The OP's Q was never clear, and probably a misunderstanding. But every day game-designers who have never seen a cosin are able to use quaternion builtins such as Lerp, RotateTowards, LookDirection ... to get nearly magic results.
Quaternions do come with some costs, and there are good reasons to question their wholesale employment. As Own-Reynolds pointed out, some of the built in methods to Unity's Quaternion class give considerable leverage, but the class is a slightly different subject that the mathematical foundation.

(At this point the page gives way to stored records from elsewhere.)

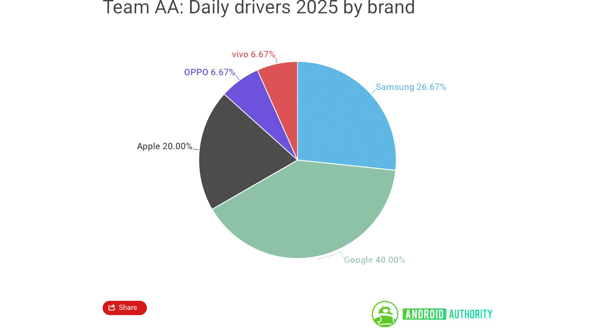 今回同サイトの編集者を対象に、実際に何の機種を使っているのか調査を行ったことを明らかにしました。上記の画像は今回の調査結果を元にメーカー別のシェアをまとめたグラフになります。
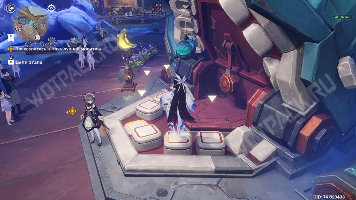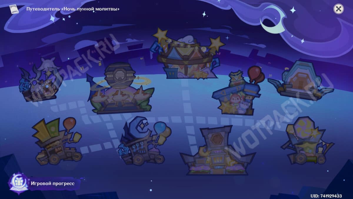 Для удобства перемещения между ними при нажатии на цель задания будет открываться путеводитель «Ночь лунной молитвы», схематически указывающий возможные стоянки. Прохождение всех путевых точек откроет доступ к дополнительным наградам в виде:
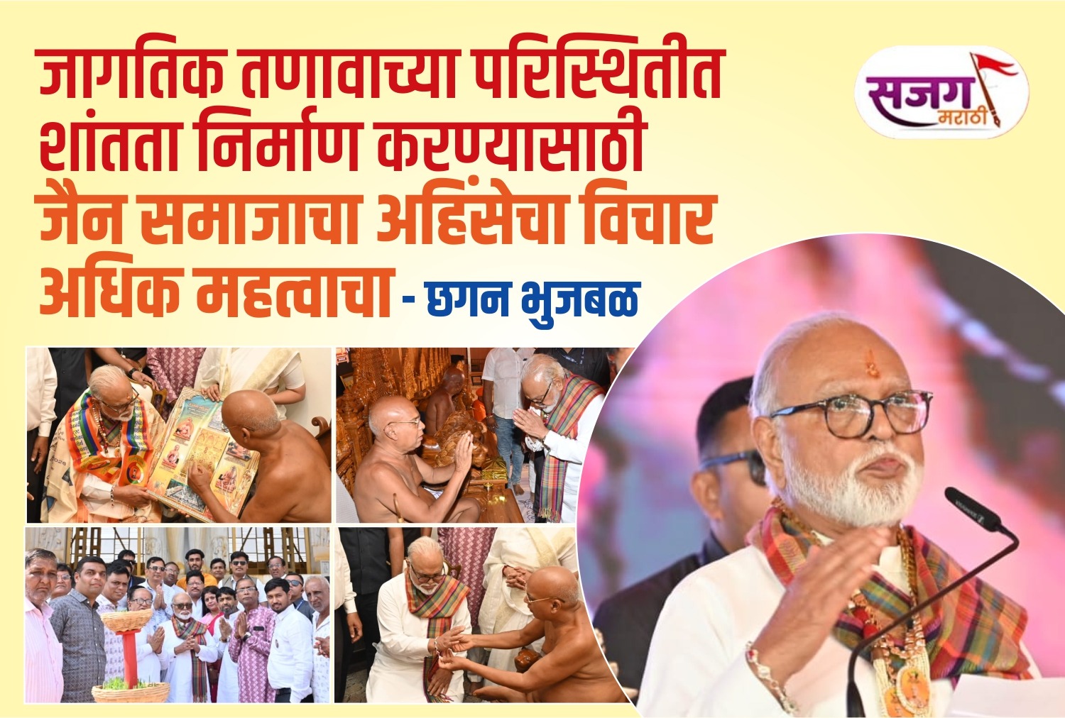 मोक्षकल्याण, विश्वशांती महायज्ञ आणि समारोप सोहळ्याच्या या पवित्र प्रसंगी मंत्री भुजबळ यांनी जैन धर्माच्या अहिंसा, सत्य, करुणा आणि संयम या मूलभूत तत्त्वांचा जगाला दिलेल्या योगदानाचा गौरव केला. त्यांनी स्पष्ट केले की, सध्या जगभरात पसरलेल्या तणावपूर्ण आणि अस्थिर वातावरणात अहिंसेचा हा विचार अधिक प्रासंगिक आणि मार्गदर्शक ठरतो. जैन समाजाचे हे योगदान विश्वशांतीसाठी अत्यंत महत्त्वाचे आहे, असे मत त्यांनी व्यक्त केले.
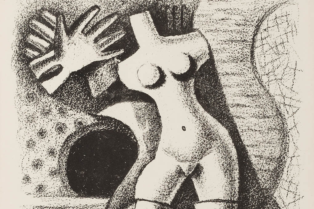 Artista comprometida con la República, se exilia en Argentina durante la Guerra Civil española. En este grabado aparece una figura de rasgos femeninos completamente deconstruídos en un entorno indeterminado, donde se observan influencias de su relación con René Magritte, Max Ernst y Giorgio de Chirico.
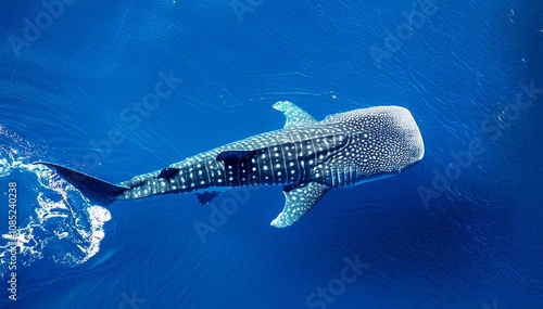 a whale shark gliding gracefully through the deep blue sea. whale shark (Rhincodon typus) is a slow-moving, filter-feeding carpet shark and the largest known extant fish species.

Indeed, quaternions were nearly forgotten for almost 100 years in part because there are common alternatives to their purposes. One key reason for their use in graphics, aside from the solution to gimbal lock, is that the same basic operations performed in linear algebra are completed in fewer machine instructions when using quaternions, if the operations don't depend on shearing (or skewing or scaling). There are situations where quaternions are generally simpler when a class is doing the algebra for us, especially where relative rotations are concerned. The primary given advantage, that of solving the gimbal lock problem, is curiously not so strong as one might initially think. We also exclusively use unit quaternions in graphics, because they are the ones appropriate toward the goal of rotations, but quaternions have mathematical uses outside this domain, which typical quaternion classes don't really provide, and for which most of us have little purpose.